I haven’t had a dog since I was in high school. Through out my childhood we had two dogs a black lab named Shadow and a white mut named Misty. Both were good and loving dogs. Shadow moved on to a friend’s farm and Misty passed away when I was a freshman or sophomore in high school.
My mom did eventually get another dog but not until sometime after I graduated and not long before I moved out of the house.
For me, there was never another dog. Because really, I’m a cat person. My beautiful furry cat named Mama Kitty was my constant companion from the time I was around 11 until she passed away years later the same week my son was born. Losing her was more devastating than the other cats and dogs we’d had, the rabbits, the mice and every bird we ever owned.
If my son had not been born a few days later, I’m not sure how I would’ve gotten though it. But as any mom knows adjusting to the first weeks of a newborns life can pretty much zap every other thought from your head for the next 12 months. And by the time I came up for air, she had been gone almost a year. Her ashes are stored way up on a shelf in my room.
It would be almost 6 years before I’d be willing to give my heart to another animal again.
My husband and I were debating whether we wanted to get another cat, after having such a hard time losing Mama Kitty. But one day while looking through Tri-Valley Animal Rescue’s website, I saw a picture of the cutest little tortoise shell cat I’d ever laid eyes on. Instantly my heart began to beat and I knew that she was our cat.

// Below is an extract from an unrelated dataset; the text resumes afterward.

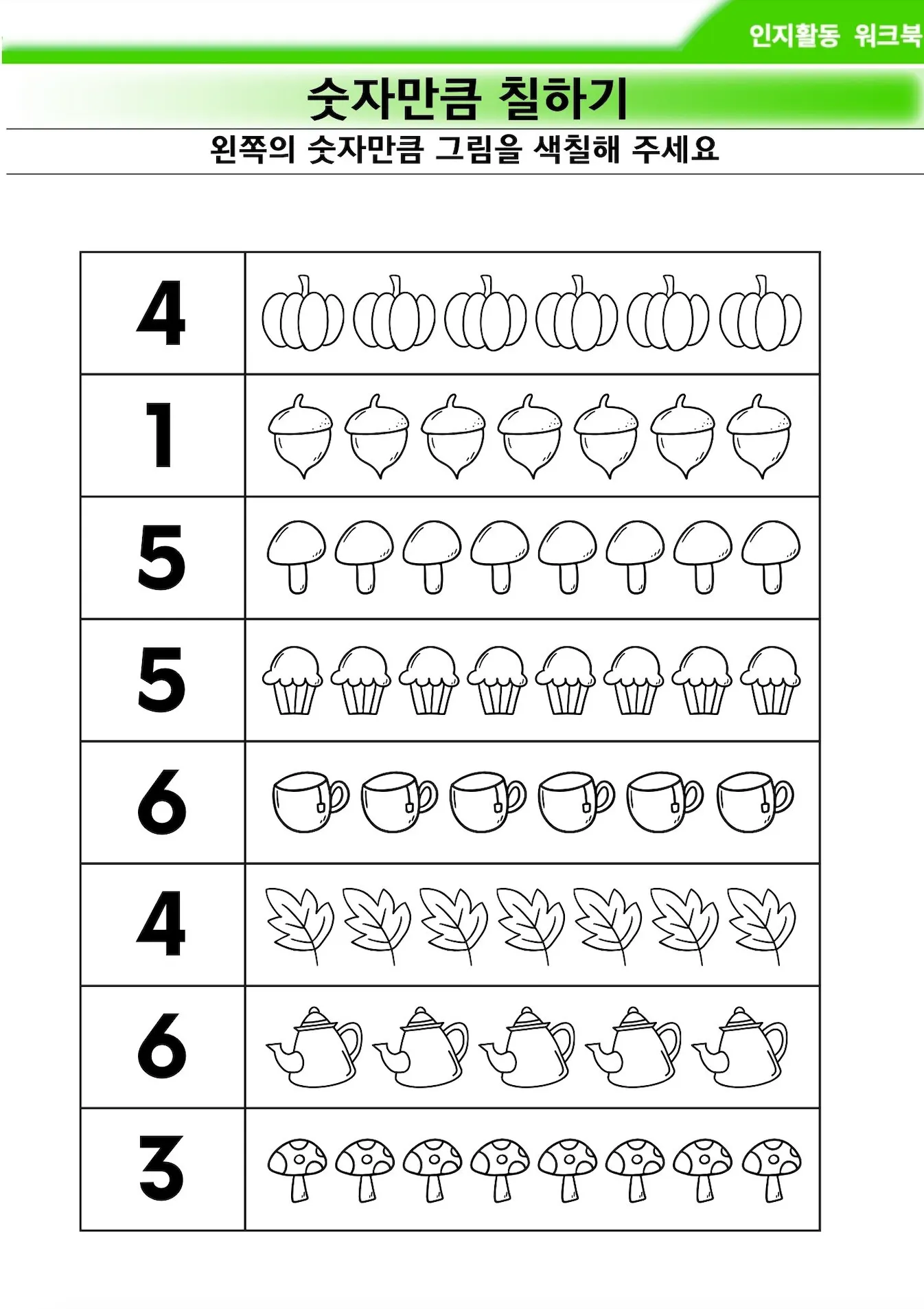 색칠할 갯수를 보고, 각 사물을 갯수만큼 예쁘게 색칠해보는 자료입니다.

I showed the picture to my husband who looked at me and smiled. He knew she was ours as well.
And a couple of weeks later Santa sent my kids Blossom for Christmas.
It’s been almost two years know and it’s hard to imagine our house before Blossom was here. She is as much the kids as she is ours.

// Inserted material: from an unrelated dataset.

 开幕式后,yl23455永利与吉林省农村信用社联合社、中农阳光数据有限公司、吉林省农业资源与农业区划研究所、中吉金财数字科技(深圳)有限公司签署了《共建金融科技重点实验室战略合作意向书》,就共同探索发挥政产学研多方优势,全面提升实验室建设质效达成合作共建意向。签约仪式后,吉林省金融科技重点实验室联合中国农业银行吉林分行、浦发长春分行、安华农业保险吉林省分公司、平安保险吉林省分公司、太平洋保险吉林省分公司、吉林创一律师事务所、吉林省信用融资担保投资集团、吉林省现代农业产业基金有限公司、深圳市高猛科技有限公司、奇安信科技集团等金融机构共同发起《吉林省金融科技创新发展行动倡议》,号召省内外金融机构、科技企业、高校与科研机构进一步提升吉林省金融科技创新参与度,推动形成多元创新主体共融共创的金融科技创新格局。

Though the kids drive her crazy she loves them anyway (I can relate).
In fact right now she is lying patiently on Cheyanne’s bed waiting for her to get back from Kindergarten.
I don’t begrudge anyone who doesn’t own an animal. There is a lot of work involved and not everyone is cut out to be an animal parent.

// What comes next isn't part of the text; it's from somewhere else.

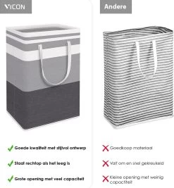 De wasmand meet 40 cm x 30 cm x 62 cm (L x B x H) met 75L grote capaciteit. Deze wasmand kan kleren, kussens, babyspeelgoed, enz. bevatten. Perfecte keuze voor campus slaapzalen of familie leven.

But for me, it’s hard to imagine life without an animal. Not forever anyway.
For this month’s From Left to Write book club we read the book Cowboy & Wills by Monica Holloway. A beautiful book about the relationship between her autistic son and the wonderful golden retriever who helped pull him from his shell. When I sat down to write this post I fully intended to write about the book but instead found myself thinking about all the sweet animals who have touched my life over the years.
Any animal lover will appreciate this story and how much the mark of a beloved pet can forever embed itself into your heart and forever change who you are.